L’Etat post colonial a fait la preuve de son inefficacité dans la conduite du développement, par la dilapidation des ressources rares (énergie fossile, terres agricoles, force de travail, etc…), la démobilisation de la population et la fragilisation des institutions minées par la corruption et le népotisme. L’Etat en Algérie est à réinventer. « Quand dans l’œuf, le poussin arrive à maturité, s’il veut vivre, il doit briser la coquille. Or les jeunes veulent vivre. Evidemment la coquille résiste mais le poussin s’agite depuis longtemps mais il naîtra… ». Et il naîtra sur ses deux pattes. Il marche avec ses deux pieds (la fille et le garçon, l’étudiant et l’analphabète, le chômeur et le travailleur) et non sur son ventre en rampant (comme ce fût le cas de leurs aînés sur une très longue période).. Il est né un certain 22 février 2019. Il ne cesse de marcher contre vents et mares. C’est une bénédiction divine. Le monde ne cesse de s’interroger sans trouver une réponse plausible. Nul ne peut s’opposer à la marche de l’histoire, ni la force, ni la ruse, ni l’argent, ni la convergence d’intérêts matériels des grandes puissances Ils sont éphémères. Les civilisations sont mortelles.

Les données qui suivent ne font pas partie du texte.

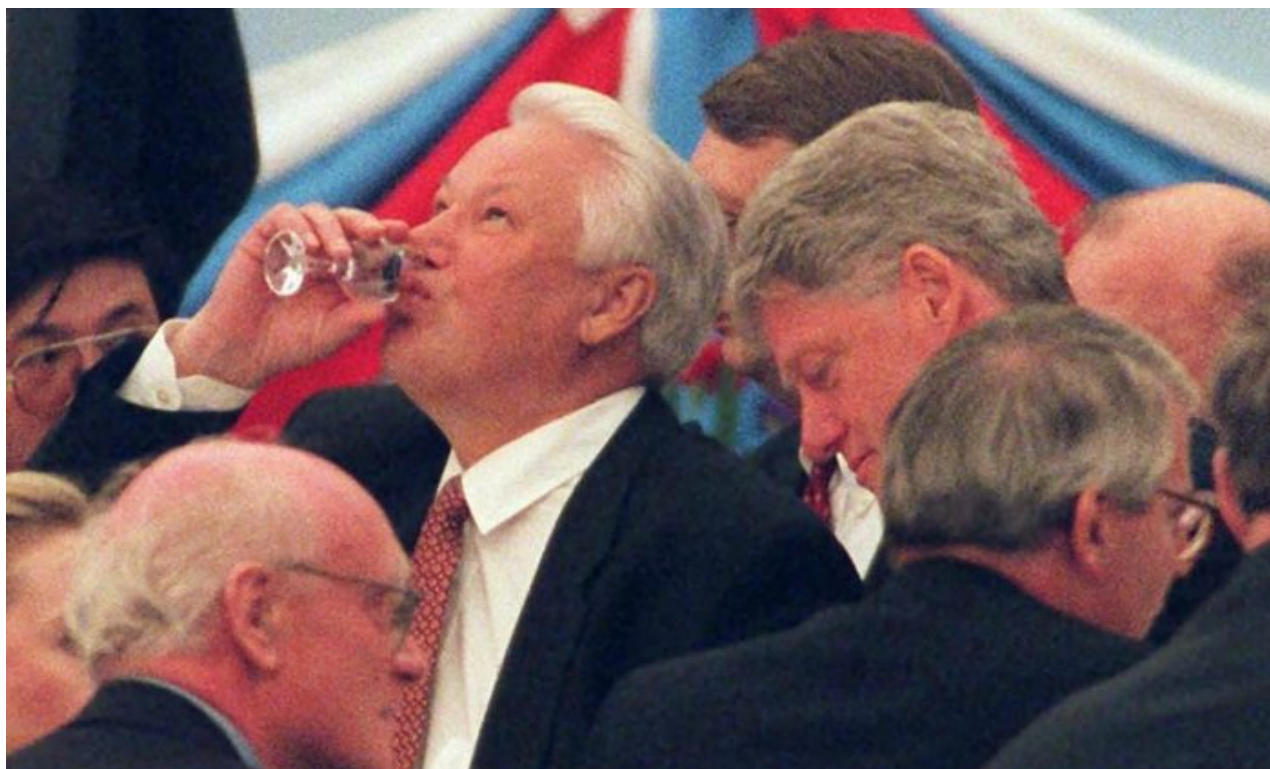
Boris Jelcin s Billem Clintonem. Tato fotografie nejlépe vystihuje krizi Ruska po rozpadu SSSR

(vydáním dekretu o půdě), ale zejména jeho nástupce z Gruzie, jistý Džugašvili, který se přejmenoval na “ocelového” muže (Stalin). Jelcin však naplnil plány Rothschildů beze zbytku. Plundrování Velké Rusi jelo jako po másle, zatímco Jelcin nebyl doma a jezdil po světě, kde se opíjel do němoty.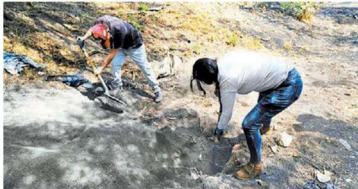
Equipo de Flores sigue explorando en la región. JAVIERRÍOS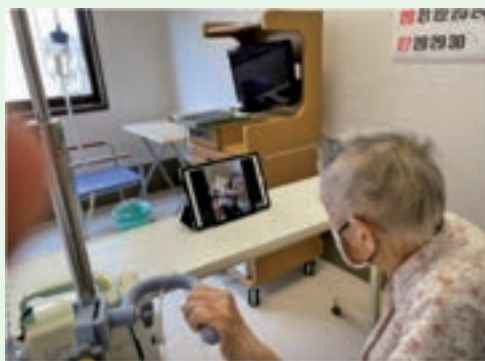
※オンライン面会の様子（許可を得て掲載しています）

当院ではこれからもデジタル機器に不慣れな方にも負担なく面会していただける方法など、引き続き検討を重ねていきたいと思っております。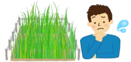
使う予定のない土地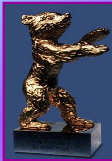
l' Ours d'or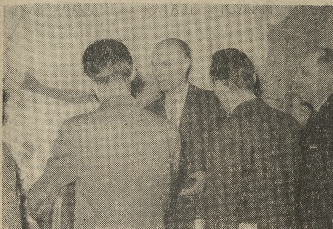
RADNI PRZED MAPĄ MIASTA

Członkowie Prezydium Rady Narodowej m. Poznania i radni przed mapą miasta, uwzględniającą nowe kierunki rozwoju.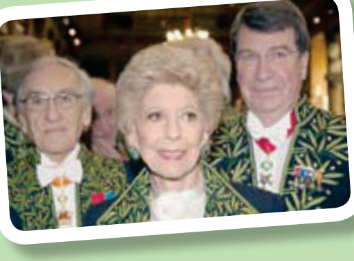
الأمينة العامة المؤرخة هيلين كارير دونكوس بالزي الرسمي للاكاديمية

قل للعريقة في المعالي أم العياقبي العوالي من كل لؤلؤة عمدت لها نظير في اللاي ما من حلالة حبة المانجو لساني اليوم حالي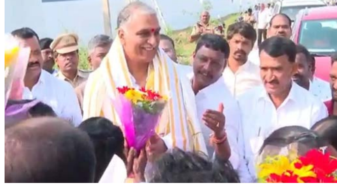
పదివేల మందికి గృహలక్ష్య ఇండ్లు సాంక్షన్ చేశాడు ముఖ్యమంత్రి కేసీఆర్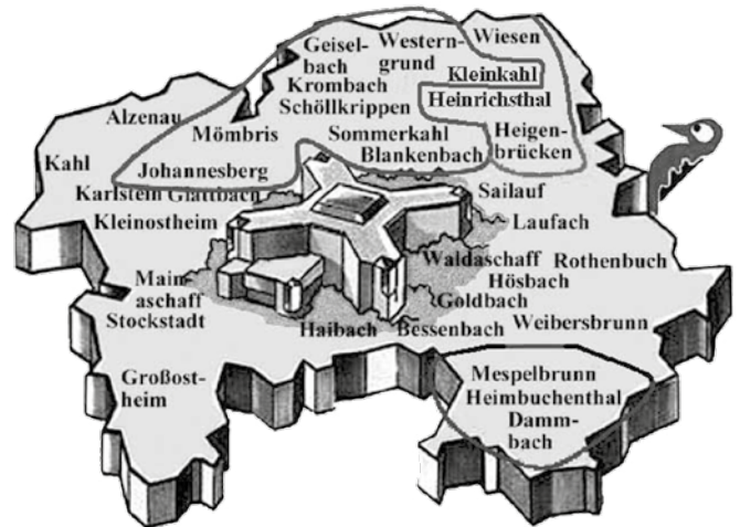
Logo des Landkreises Aschaffenburg mit freundlicher Genehmigung des Landratsamtes Aschaffenburg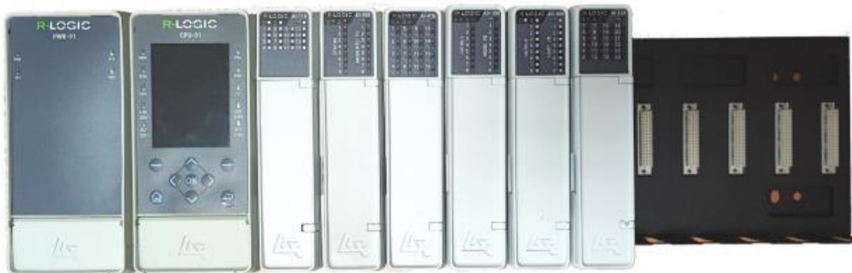
Рисунок 1 – Общий вид контроллера R-Logic Стандарт. Исполнение модулей в пластмассовых корпусах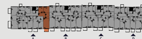
Pohled na dům | Building View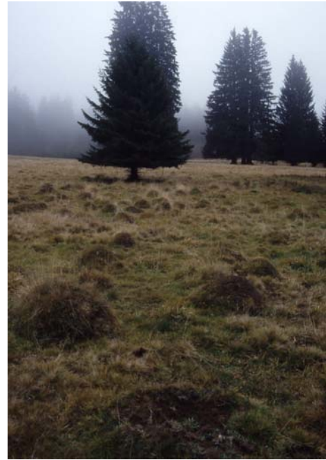
Foto 24: Magerwiese bzw. -weide mit markanten Solitärbäumen beim Kleinen Rosenhofteich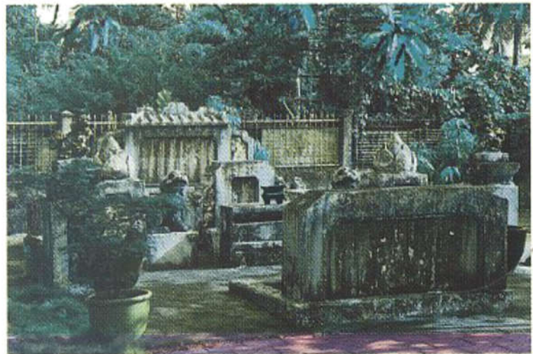
Lăng mộ thờ vọng Lê Thành Hầu Nguyễn Hữu Cảnh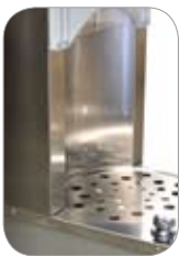
Grille inox pour carafes Stainless steel grid for water jugs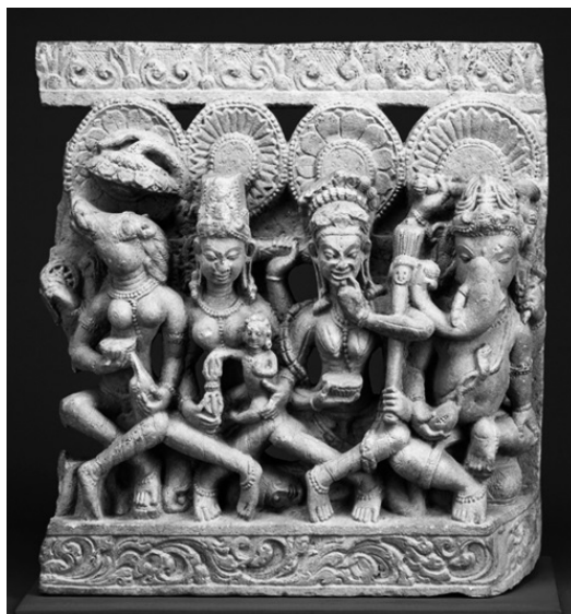
Ганеша с тремя из семи Матерей-богинь (Каменный барельеф, Индия, IX в. Денверский художественный музей)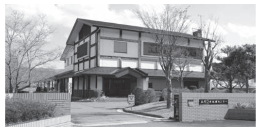
下水処理施設「長門水処理センター」

問 変更前と大きく違う部分は何か。 答 基本的には元の計画をそのままに計画期間を延長している。財政シミュレーションを最新のものにしたことと日本遺産認定などを踏まえ、多少文言等を追記、修正した。(抜粋)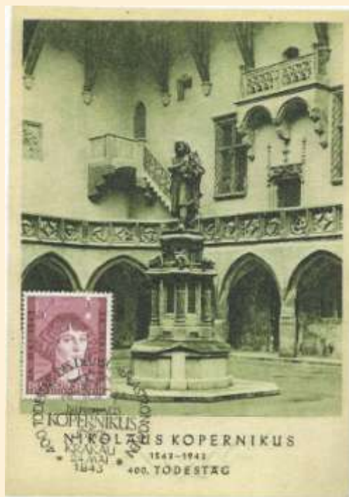
Zn. /Fi. 104/ M. Kopernik Wydawca kartki ZKW Druck Krakau Stempel okolicznościowy Kraków 24 maj 1943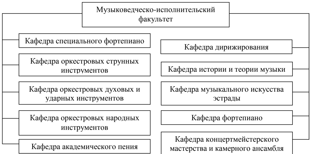
Рисунок 1. Организационная структура музыковедческо-исполнительского факультета

Структура музыковедческо-исполнительского факультета представлена на рисунке 1.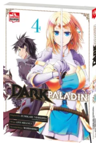
Dark Paladin 04 Taschenbuch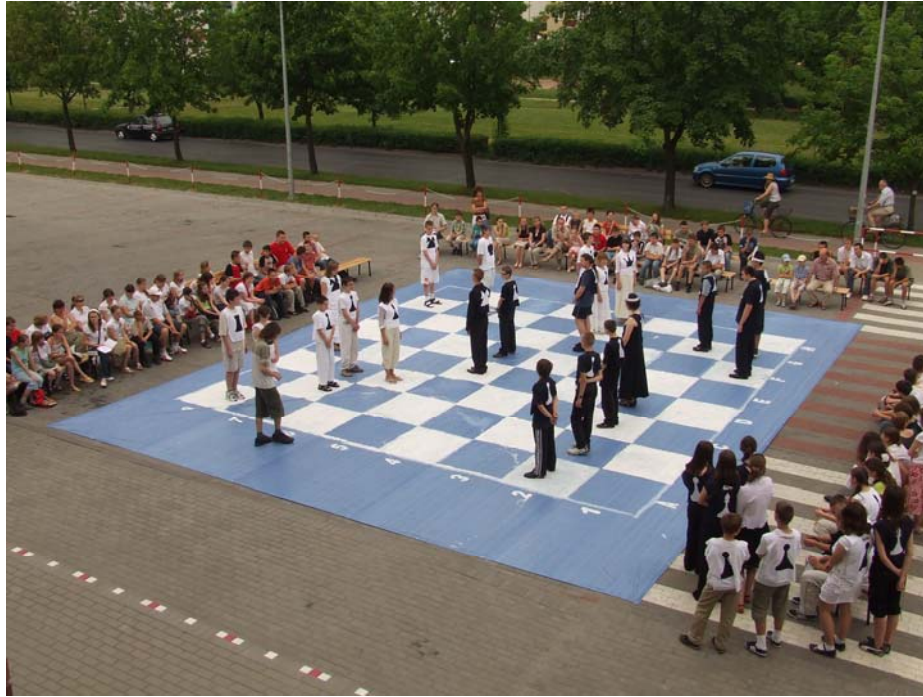
Gra dobiega końca: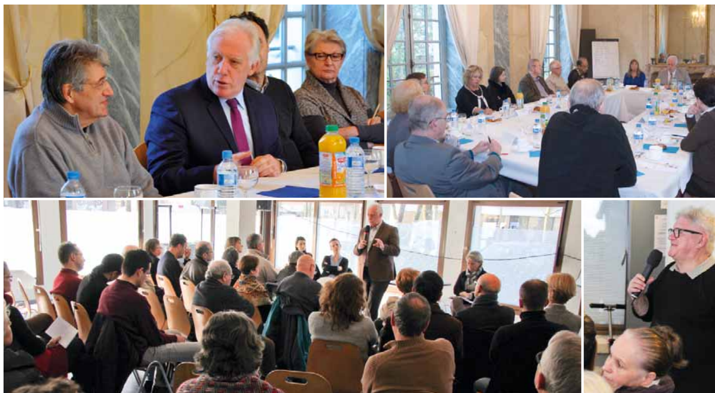
Le maire et les élus vont à la rencontre de tous les Giffois, dans les quartiers.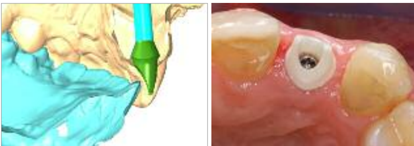
Abb. 1 und 2: Klinisches Anwendungsbeispiel für ein individuell gefertigtes Zirkonoxidabutment zur Versorgung eines Einzelzahnimplantates (Atlantis, Astra, Tech Elz).

Gerade im Frontzahnbereich wird das ästhetische Ergebnis einer implantatprothetischen Versorgung stark durch die Gestaltung des Durchtrittsprofils und eine gute Ausformung der Weichgewebe beeinflusst. Eine definitive prothetische Versorgung sollte erst erfolgen, wenn nach der Freilegung eine vollständige Ausheilung des periimplantären Weichgewebes erreicht worden ist. Dies erfordert zumeist eine provisorische Versorgung über einen Zeitraum von vier bis sechs Wochen. Sobald sich stabile Weichgewebsverhältnisse eingestellt haben, kann mit der Abformung für die endgültige Versorgung begonnen werden (Abb. 3).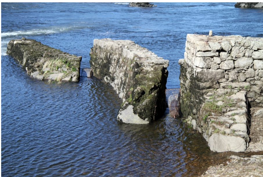
Pesqueira cos vituróns armados nos corredores entre os poios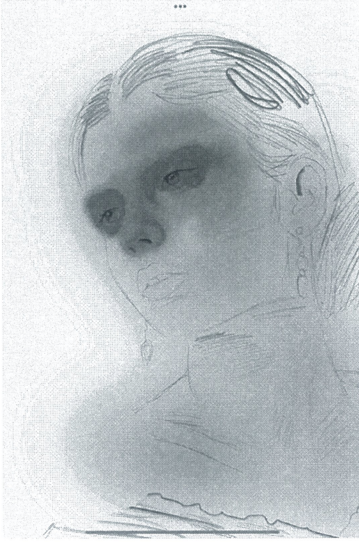
Şekil 5 Vildan KOLA, Dijital Zerafet,2025, Dijital Çizim, 1 dk 17 sn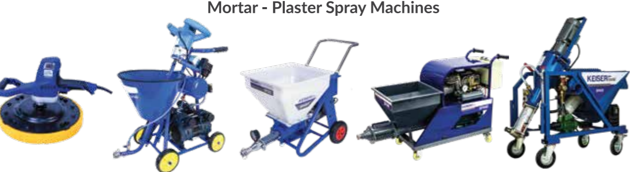
Mortar - Plaster Spray Machines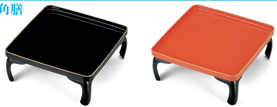
8-367-21 A 新胴張角膳 黒天金 A-3-61 ¥5,000 (36.3×36.3×14.4) 椀10 8-367-22 A 新胴張角膳 朱天金 A-3-62 ¥5,000 (36.3×36.3×14.4) 椀10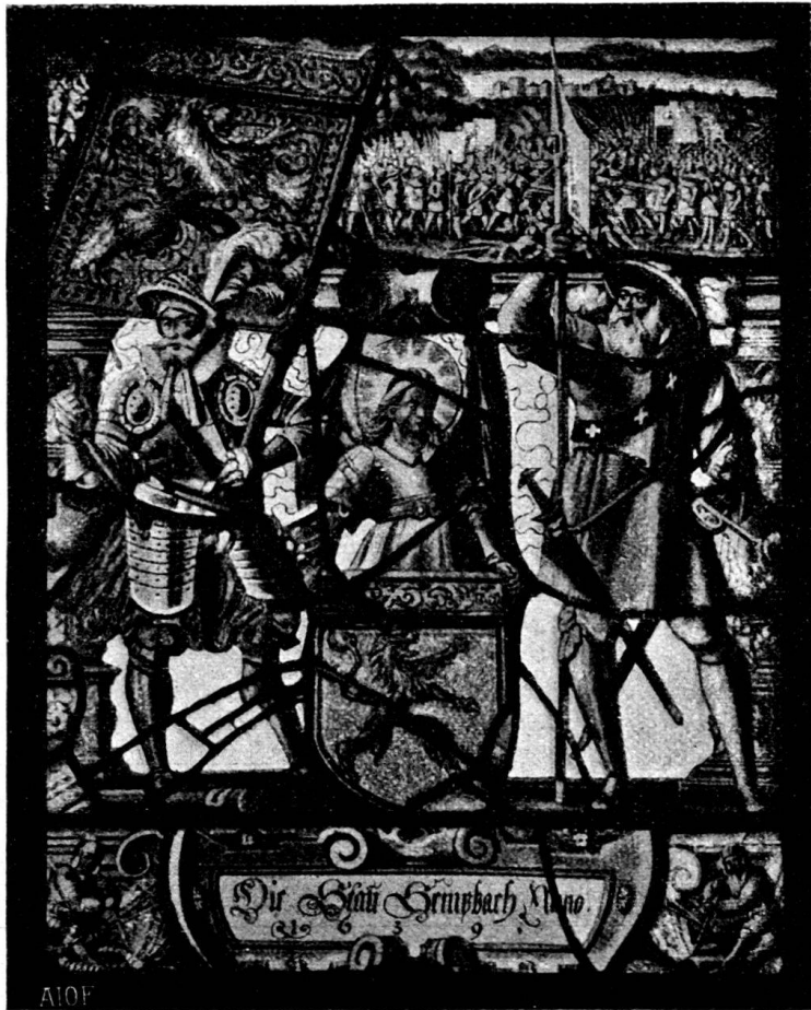
Fig. 128. Stadtscheibe von Sempach.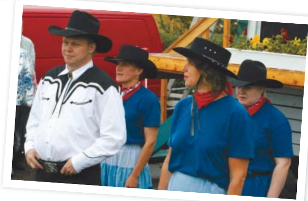
Sallalaiset "Kairan kantritanssijat" esittivät vauhdikkaita tansseja.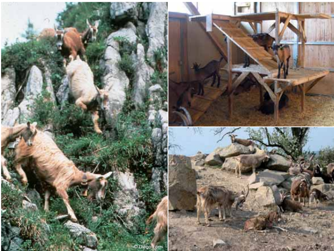
Abbildung 2: Ziegen stammen aus Hochgebirgsgegenden, in denen sie viel klettern müssen (links Milchziegen auf der Alp). Klettermöglichkeiten bei der Haltung fördern daher das Wohlbefinden der Ziegen (Mitte: Kletterturm im Stall; rechts: Auslauf mit Felsen zum Klettern).

Um Ziegen im Laufstall erfolgreich halten zu können und Stress und Verletzungen zu minimieren, muss ihr natürliches Sozialverhalten, die dahinter stehende Motivation und deren Auswirkungen verstanden werden. Dieses Wissen muss dann bei der Planung und Ausgestaltung des Laufstalles und beim Herdenmanagement umgesetzt werden, um den Bedürfnissen der Tiere Rechnung zu tragen.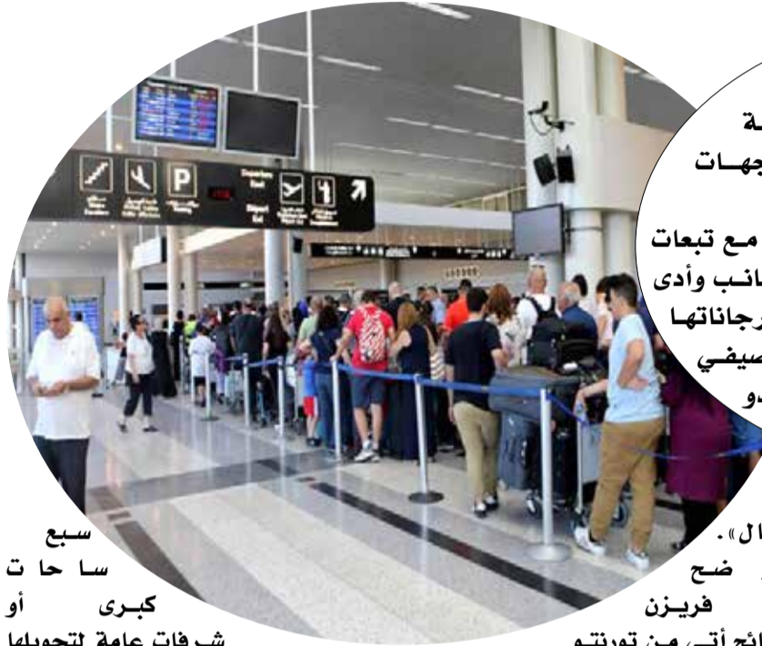
سبع ساعات كبرى أو شرفات عامة لتحويلها

و سيستفيد مشروع فيلم «هاجر» لأنيس ساعد و «صولا» لصالح ايسعد من ورشة «Final cut invenice» وهي طريقة أخرى للبحث عن تمويل للأفلام في مرحلة ما بعد الانتاج.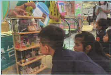
▲毒品變裝秀－辨識仿真毒品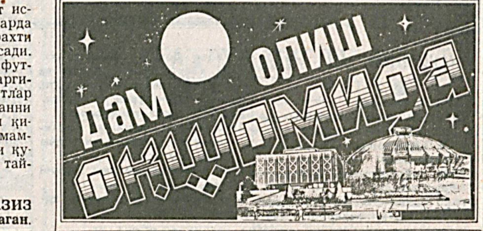
Санд АЗИЗ тайёрлаган.

— Апельсин дарахтининг бўйи 12 фут (бир фут —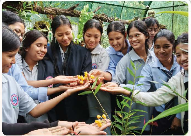
Students gather around orchids during the plantation visit.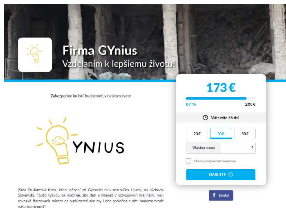
Internetová stránka našej fundraisingovej výzvy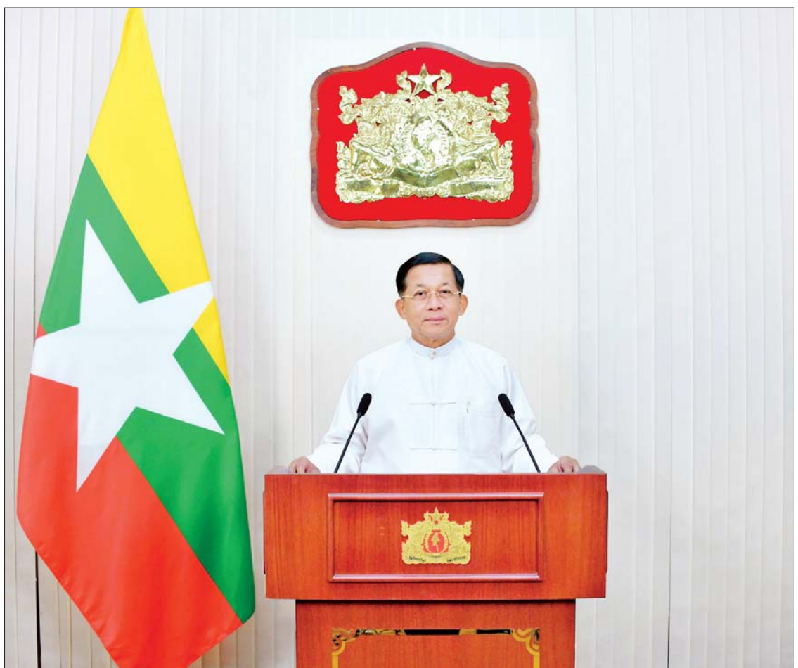
ပြည်ထောင်စုသမ္မတမြန်မာနိုင်ငံတော်အစိုးရ နိုင်ငံတော်စီမံအုပ်ချုပ်ရေးကောင်စီဥက္ကဋ္ဌ နိုင်ငံတော်ဝန်ကြီးချုပ် အမျိုးသား စည်းလုံးညီညွတ်ရေးနှင့် ငြိမ်းချမ်းရေးဖော်ဆောင်မှုဗဟိုကော်မတီဥက္ကဋ္ဌ တပ်မတော်ကာကွယ်ရေးဦးစီးချုပ် ဗိုလ်ချုပ်မှူးကြီး မင်းအောင်လှိုင် တစ်နိုင်ငံလုံးပစ်ခတ်တိုက်ခိုက်မှုရပ်စဲရေးသဘောတူစာချုပ်(NCA)ချုပ်ဆိုခြင်း (၇)နှစ်မြောက် နှစ်ပတ်လည်နေ့ တွင် မိန့်ခွန်းပြောကြားစဉ်။

ချစ်ခင်လေးစားအပ်ပါသော ပြည်ထောင်စုဖွားတိုင်းရင်းသား ညီအစ်ကိုမောင်နှမများခင်ဗျာ- ဒီကနေ့ဟာ ပြည်ထောင်စုသမ္မတ မြန်မာနိုင်ငံတော်အစိုးရနဲ့ တိုင်းရင်းသား လက်နက်ကိုင်အဖွဲ့အစည်းတွေအကြား ချုပ်ဆိုတဲ့ တစ်နိုင်ငံလုံး ပစ်ခတ် တိုက်ခိုက်မှုရပ်စဲရေး သဘောတူစာချုပ် (NCA)ကို ချုပ်ဆိုခဲ့တာ (၇)နှစ်ပြည့် မြောက်တဲ့နေ့ ဖြစ်ပါတယ်။ ယနေ့ ကျရောက်တဲ့ တစ်နိုင်ငံလုံး ပစ်ခတ် တိုက်ခိုက်မှုရပ်စဲရေး သဘောတူစာချုပ် (NCA) လက်မှတ်ရေးထိုးခြင်း (၇)နှစ် ပြည့်နှစ်ပတ်လည်နေ့မှာ တိုင်းရင်းသား ညီအစ်ကို မောင်နှမများအားလုံး စိတ်၏ချမ်းသာခြင်း၊ ကိုယ်၏ကျန်းမာ ခြင်းနဲ့ပြည့်စုံပြီး အားလုံးလိုလား တောင့်တနေကြတဲ့ ငြိမ်းချမ်းရေးရဲ့ အကျိုးကို ထာဝစဉ်ရှေးရှုဆောင်ရွက်နိုင် ကြပါစေကြောင်း ဆုတောင်းမေတ္တာ ပို့သရင်း နှုတ်ခွန်းဆက်သအပ်ပါတယ်။ ယနေ့ကျွန်တော်တို့နိုင်ငံရဲ့ အခြေခံ နဲ့ အဓိကအကျဆုံး ပကတိလိုအပ်ချက် ဟာ တိုင်းပြည်တည်ငြိမ်အေးချမ်းရေး ပဲဖြစ်ပါတယ်။ အတိတ်သမိုင်းအရ ကျွန်တော်တို့ တိုင်းရင်းသားတွေနဲ့ ဖွဲ့စည်းတည်ထောင်ထားတဲ့ ကျွန်တော် တို့ရဲ့ ပြည်ထောင်စုနိုင်ငံတော်ကြီးဟာ စာမျက်နှာ ၃ ကော်လံ ၁ သို့ ။

Le Hirak est sorti des stades ayant longtemps servi de réceptacles des frustrations et des humiliations des jeunes désespérés poussés à la drogue et au suicide et non des bureaux climatisés et des salons feutrés des élites se qualifiant de militantes et se donnant le titre honorifique d’intellectuelles discourant autour d’un thé à la menthe agrémenté de petits fours faits maison. « Mangeant avec le loup et pleurant avec le berger ». Il est vrai que nous sommes tous intéressés par la « zerda » mais personne n’est concerné par une « touiza » (échange d’idées ou entraide sociale).